Goodbye, year of the water snake, and hello, year of the wooden horse. The Chinese New Year, or Nónglì Xinnián, is coming up on Jan. 31, the first day of the first month of the Chinese calendar.
The Chinese months are determined by both solar and lunar changes, with the new year coming approximately a month and a half after the winter solstice and symbolizing the beginning of spring, explains Peter Newbury, a former professor of astronomy at UBC. As such, the fifteen days of celebration that go from January 31 to are also known as the spring festival.
The Chinese animal signs are a significant part of the new year, with this year ushering in the horse, an animal signifying unexpected adventure and surprising romance, according to astrologer Susan Levitt. These characteristics are the most pertinent to those born in the year of the horse: 1918, 1930, 1942, 1954, 1966, 1978, 1990, 2002, 2014.

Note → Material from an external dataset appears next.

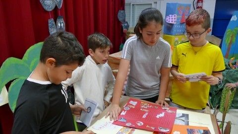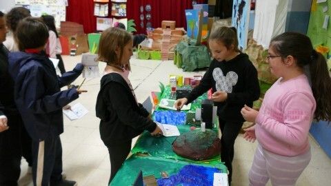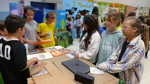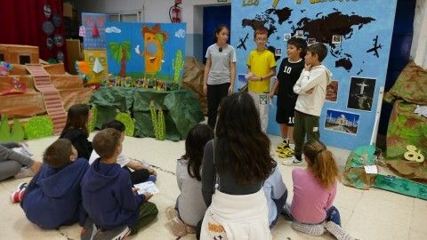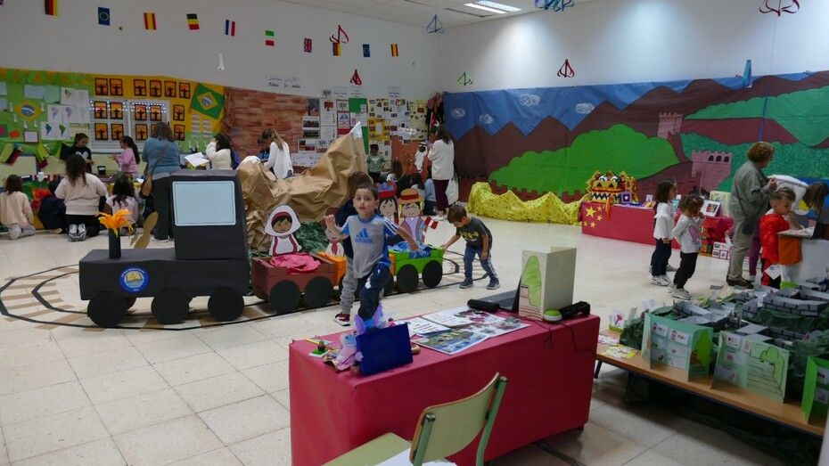 En el salón de actos del Pedro Antonio de Alarcón todo ha quedado montado para que tras las vacaciones de Semana Santa, las familias puedan disfrutar del trabajo que todos los cursos han realizado y que ayer viernes, los propios alumnos iban explicando por grupos al resto de clases del colegio de modo que fue una exposición muy interactiva donde dieron muestras de todo lo que han aprendido.

An additional astrological factor that isn't as universally recognized is the element put together with each year: either metal, wood, water, fire or earth. These distinguish the year even further, with 2014 known as the year of the wooden horse, or the green wooden horse, as wood is associated with greenery and nature. (You can find out your specific animal and element using this tool at ChineseAstrology.uk.)
Celebrations for the Lunar New Year include parades, wearing red (it's considered a lucky colour) and enjoying time off work. Modern times, however, seem to have changed the traditional holiday within China, with many disappointed to discover the government had not granted an official holiday on Lunar New Year's Eve, Jan. 30, in the western calendar. According to the Guardian, this is usually a time for families to gather together and have dinner, but due to the modernization of the economy, it was changed.
In Canada, with its population of more than 1.5 million people of Chinese heritage, according to the Government of Canada website, celebrations will be held in the many Chinatowns across the country.